After 37 years of investigation which involved two trials, the American jury found that 56-year-old Pedro Hernandez is guilty of kidnapping
and second-degree murder of Etan Patz.
Mr. Hernandez is scheduled to be sentenced on February 28th.
The crime took place on May 25th, 1979, when the six-year-old Etan Patz went to a school bus stop alone for the very first time. The stop was only two blocks away from his house, in the Manhattan’s Soho district.
The boy then vanished without a trace, and his disappearance has traumatized the entire city and haunted many generations of American parents.
Detectives said that Pedro Hernandez, who was 18-years-old at the time and worked as a clerk at the corner store near Patz's bus stop, confessed to having killed the boy.
But, the boy's body has never been found, the police never found anything that belongs to the boy, and because of that, it was very complicated to gather what had actually happened.
The missing boy, Etan Patz, was officially declared dead in 2001.
The first trial of Pedro Hernandez, which lasted four months, ended up being cancelled in May 2015, because the jury, after three weeks of consideration, failed to reach a unanimous decision.
In his confession to the police, Hernandez said that he lured the little boy into the basement of the grocery store with the promise of a soda, then choked him to death, after which he had placed the body in a plastic bag in a cardboard box, which he later threw into a nearby trash can.
However, Hernandez's defense lawyers claim that his confession had been extorted. They also said that the confessions he had given to his friends are too old and unspecified to be considered valuable.

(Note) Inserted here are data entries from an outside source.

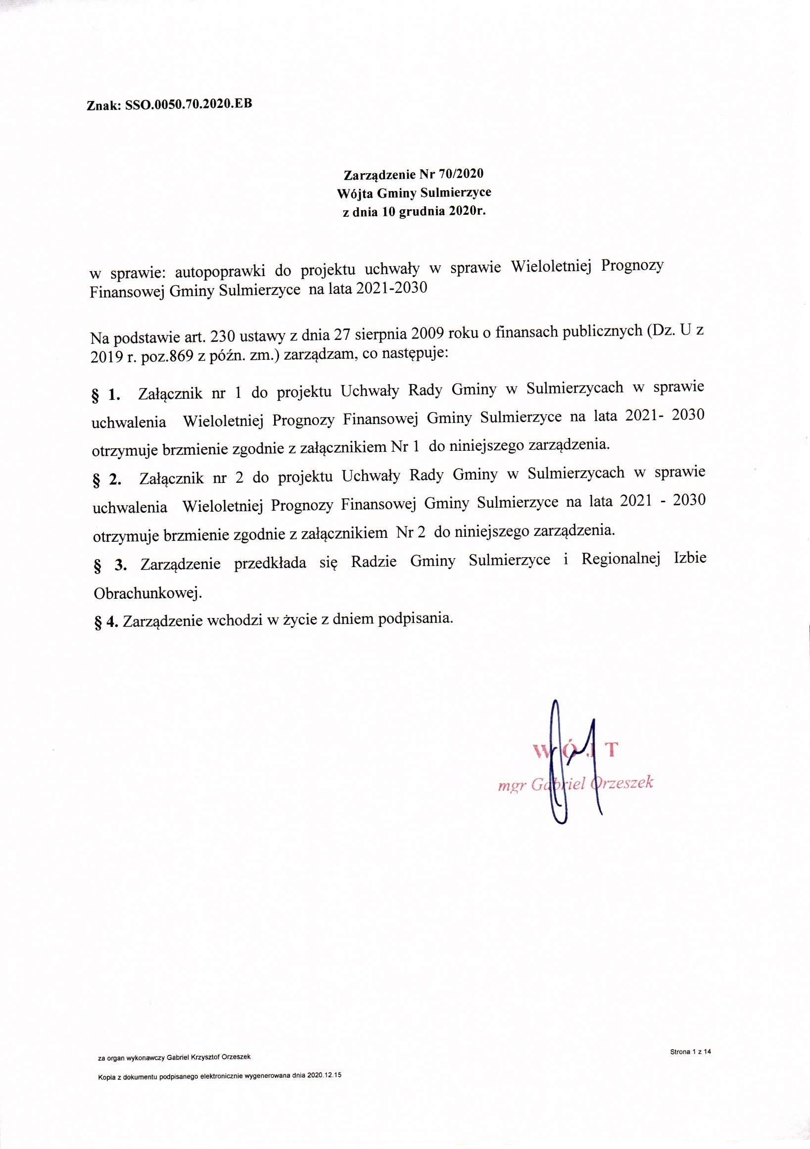 2020-12-10 przez Wójt Gminy Sulmierzyce - Gabriel Orzeszek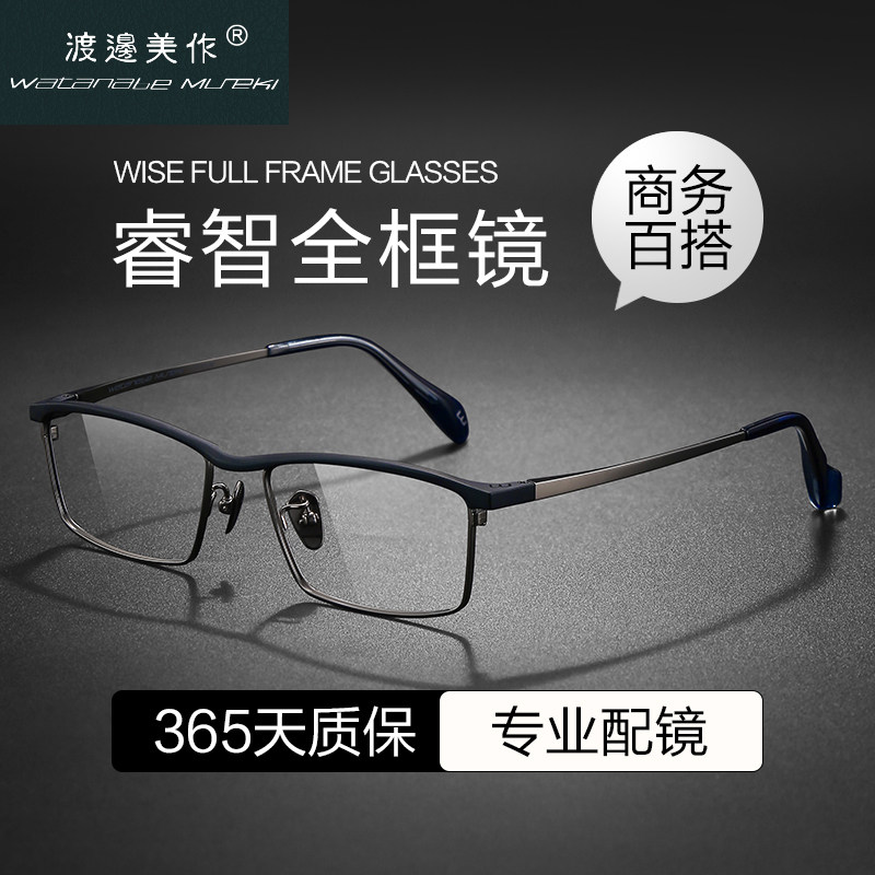 📚 渡边美作防蓝光眼镜男商务睿智全框航空记忆钛可配度数散光近视镜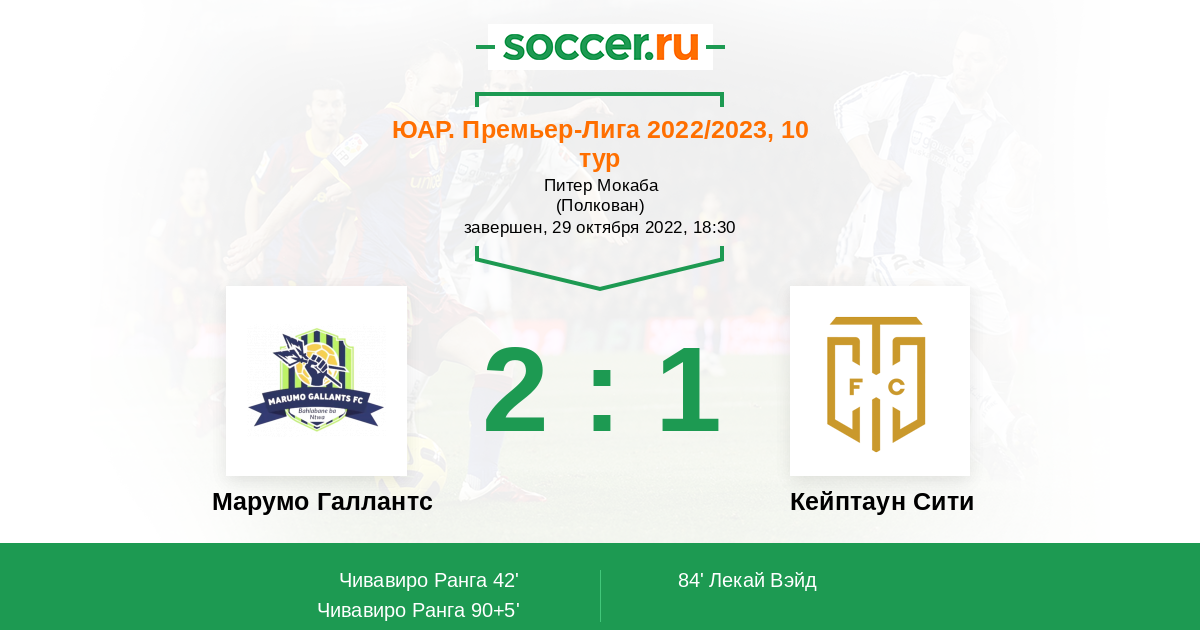 42' (1:0) Чивавиро Ранга (8) (Мдлинзо Сизве (23))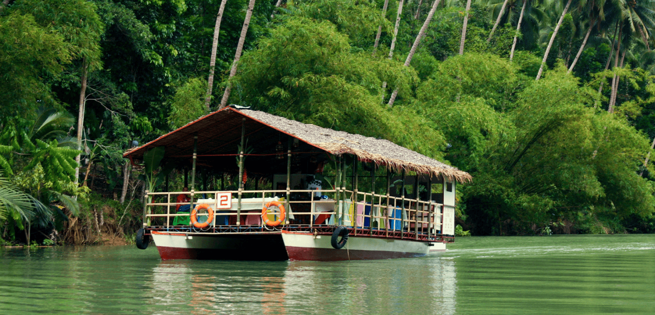 One of the popular destinations in Bohol is The Loboc River where one can get on board a floating restaurant and enjoy the Loboc River cruise with a buffet meal. This includes a short cultural show by the local community.

The second trial took place in 2012, and ended up as the first one.
Hernandez's lawyers said that his confession is nothing more than an aggregation of false ramblings of a mentally ill man, who also has a low IQ.
The jury panel, consisting of eight men and six women, reviewed more than 300 trial exhibits over the course of nine days of deliberations in the State Supreme Court in Manhattan, before reaching their final decision on Tuesday, reports the NBC.

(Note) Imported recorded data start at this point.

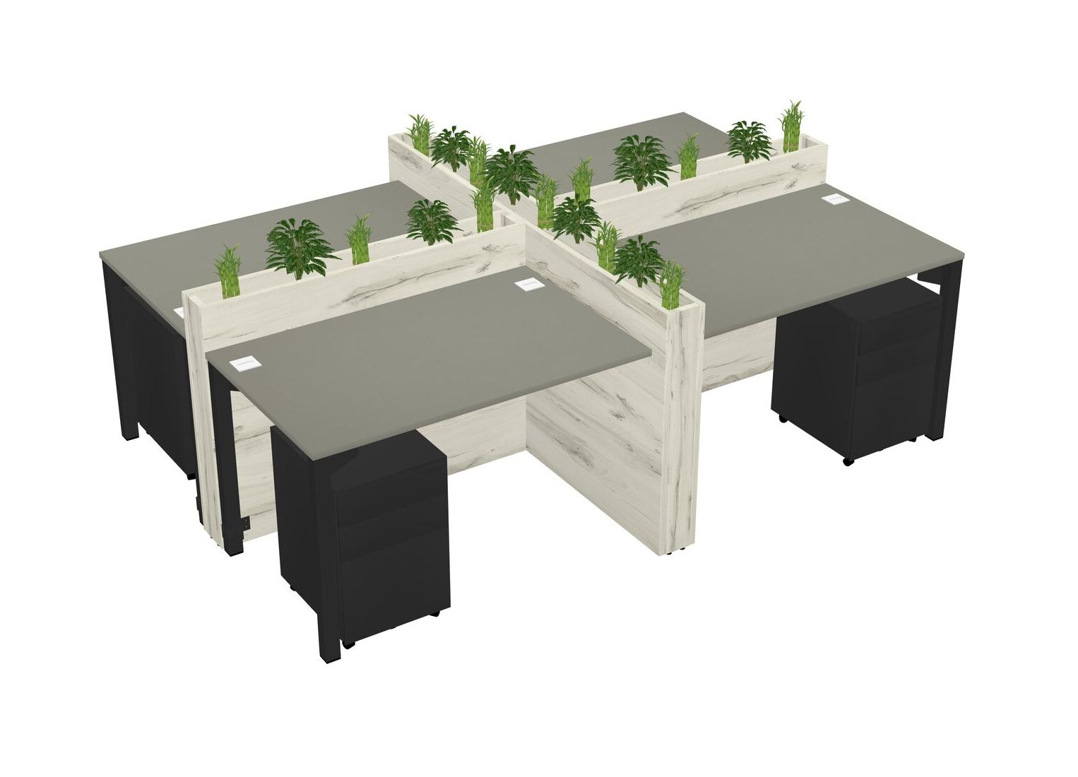 Grey Shadows Rectangular Shared Office Desk For 4 Persons Let Nature Help Flourish Your Productivity The Base Comes With An Adjustable Shelf To Provide Space For Pots (Pots & Plants Sold Separately)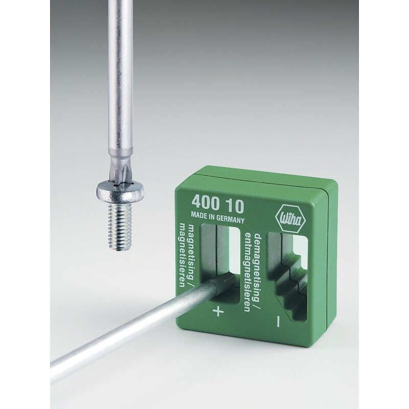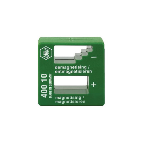 La gamme : Magnétise et démagnétise toutes les lames de tournevis et autres outils en acier. Dimensions : L52 x l50 x Ép.29 mm. •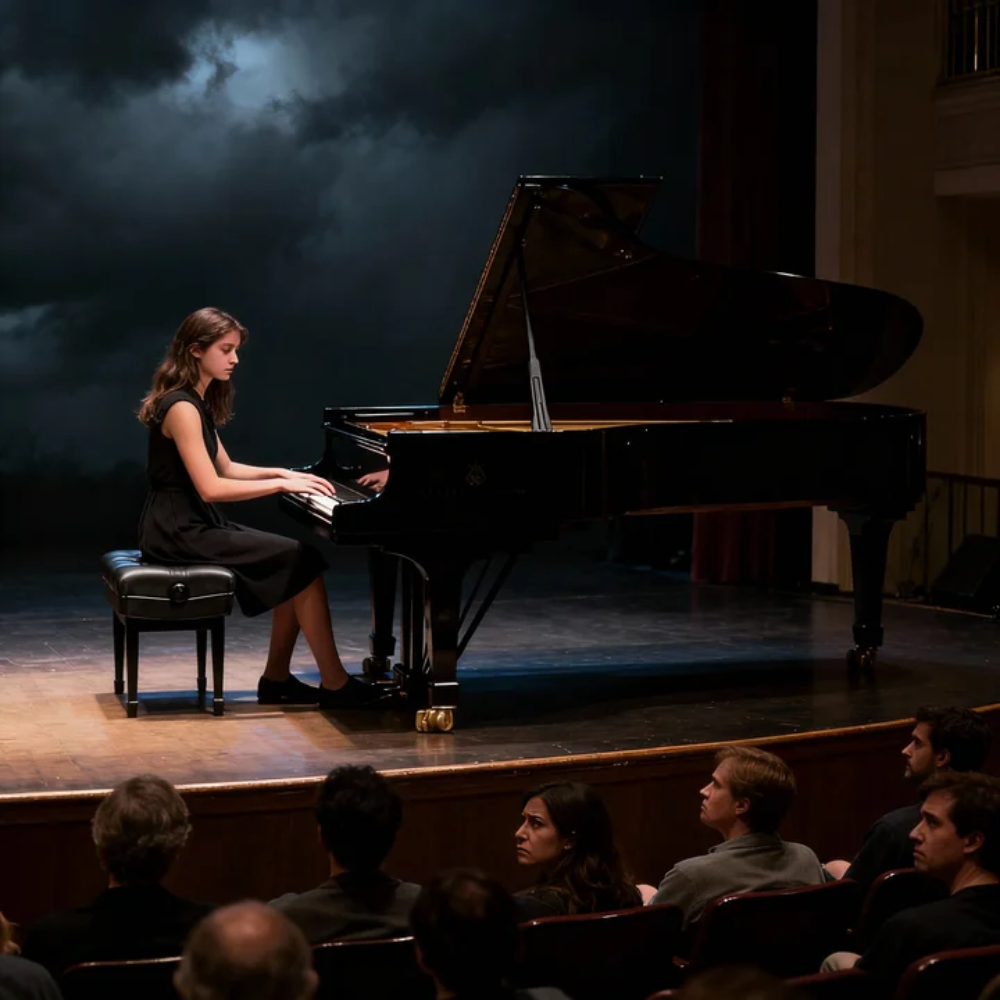 The young woman stepped to the grand piano. This one was even more magnificent than the gala’s—stage lights catching the lacquer, turning it into a pool of night.

"Deliberations were difficult but I think we had constructive conversations based in logic that were analytical and creative and adaptive and compassionate," one juror told the reporters after the verdict was read.
After the boy’s disappearance, his photograph was plastered all over the city for months and even appeared on the screens in Times Square.
Etan was the first missing child in the United States ever to appear on milk cartons.
This tragic case shaped law enforcement practices nationwide as the United States decided to form The National Center for Missing & Exploited Children after Etan's disappearance. Also, the anniversary of Etan's disappearance became National Missing Children's Day.